You can use SUM to calculate the sum of several numbers, but you cannot directly use set-based logic to calculate a product. Yet there is a very simple trick – you can use EXP(SUM(LOG(…))) and get a product of several numbers without a loop. The trick was originally posted on newsgroups by Tom Cooper.

For example, suppose that you have to allow for multiple discounts at a time. Consider the following UDF that mocks some complex logic that determines price discounts based on customer and date:

CREATE FUNCTION dbo.GetDiscounts(@CustomerID INT, @AsOfDate DATETIME)

RETURNS TABLE

AS

RETURN(

SELECT 0.1 AS Discount, 'Easter Sale' AS Reason

UNION ALL

SELECT 0.1 AS Discount, 'Preferred Customer' AS Reason

)

GO

Currently any customer is eligible for two discounts, 0.1 each. The total discount after applying them both is 0.19. Of course you can write a cursor or a loop to calculate it. However, the following script calculates total discount using set-based logic, without writing a loop:

SELECT 1-EXP(SUM(LOG(1-Discount))) AS TotalDiscount FROM dbo.GetDiscounts(1, '20090320');

TotalDiscount

----------------------

0.19

(1 row(s) affected)

Published Tuesday, March 17, 2009 6:01 PM by Alexander Kuznetsov

Eric J. Peters said:

Beautiful!  I have a very high appreciation for the old-school/slide-rule mathematical tricks that should be well understood by programmers.

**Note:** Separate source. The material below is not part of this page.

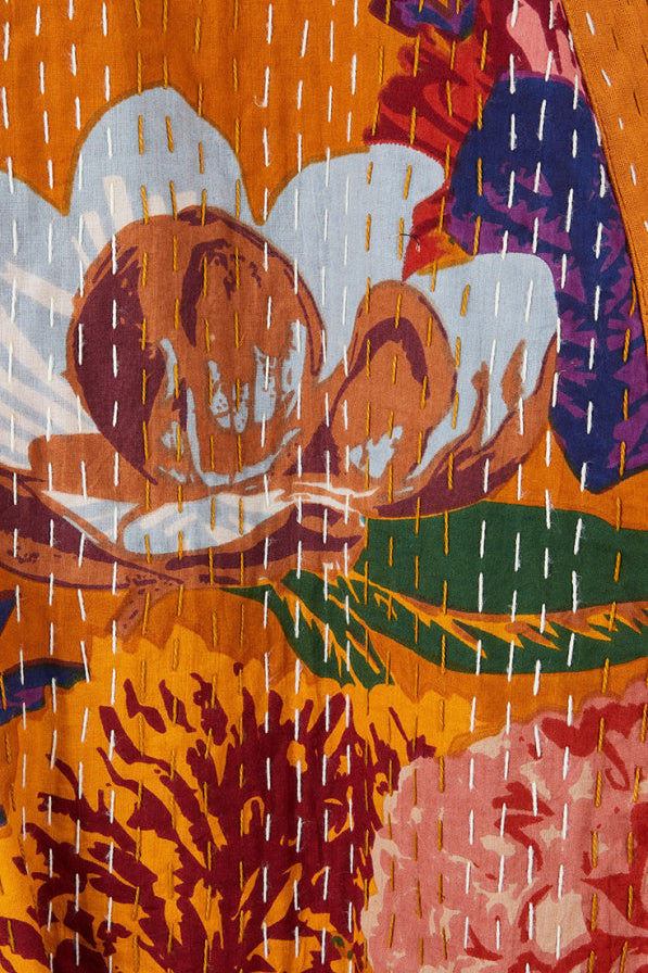 Long and beautifully ample, TOMMY can be worn open for a chic, nonchalant look, or belted at the waist for a more sophisticated silhouette. Available in two colors, it is revealed in yellow in a sumptuous floral version: an ochre background sublimated by hand-embroidered flowers in shades of pink, white, red, green, violet and blue, structured by delicate lines of white thread. A unique piece of craftsmanship straight from India.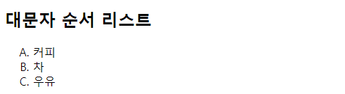 | <!DOCTYPE html> <html> <body> <h2>대문자 순서 리스트</h2> <ol type="A"> <li>커피</li> <li>차</li> <li>우유</li> </ol> </body> </html> |

However, it takes a pretty niche problem to need a product of more than a very small number of elements.  But in the virtually all cases, isn't the code-maintainability of a simple loop going to outweigh the costs of actually running the loop?

What's the real gain here?  Considering the cost of the EXP/LOG functions, is there a real gain here?

March 17, 2009 6:57 PM

Alexander Kuznetsov said:

Eric,

I am considering to have a persisted computed column for LOG(1-Discount) to speed it up. I need to frequently run up to 50 multiplications, will do benchmarks soon. I really like the simplicity of the code - no loop can be shorter or simpler than one line expression:

1-EXP(SUM(LOG(1-Discount)))

March 17, 2009 9:54 PM

Hugo Kornelis said:

Hi Alex,

The trick is nice, but you need to be sure that the input will not contain 0 (zero) or negative numbers, otherwise you'll get an error.

Itzik Ben-Gan presents two alternative versions in "Inside Microsoft SQL Server 2005: T-SQL Querying". One is readable, the other one is short.

The readable one (though the formatting will probably be lost):

CASE

WHEN MAX(CASE WHEN val = 0 THEN 1 END) = 1 THEN 0

ELSE

CASE WHEN COUNT(CASE WHEN val < 0 THEN 1 END) % 2 = 0

THEN 1 ELSE -1

END * EXP(SUM(LOG(NULLIF(ABS(val), 0))))

END

The short one:

EXP(SUM(LOG(ABS(NULLIF(val,0)))))*(1-SUM(1-SIGN(val))%4)*(1-SUM(1-SQUARE(SIGN(val))))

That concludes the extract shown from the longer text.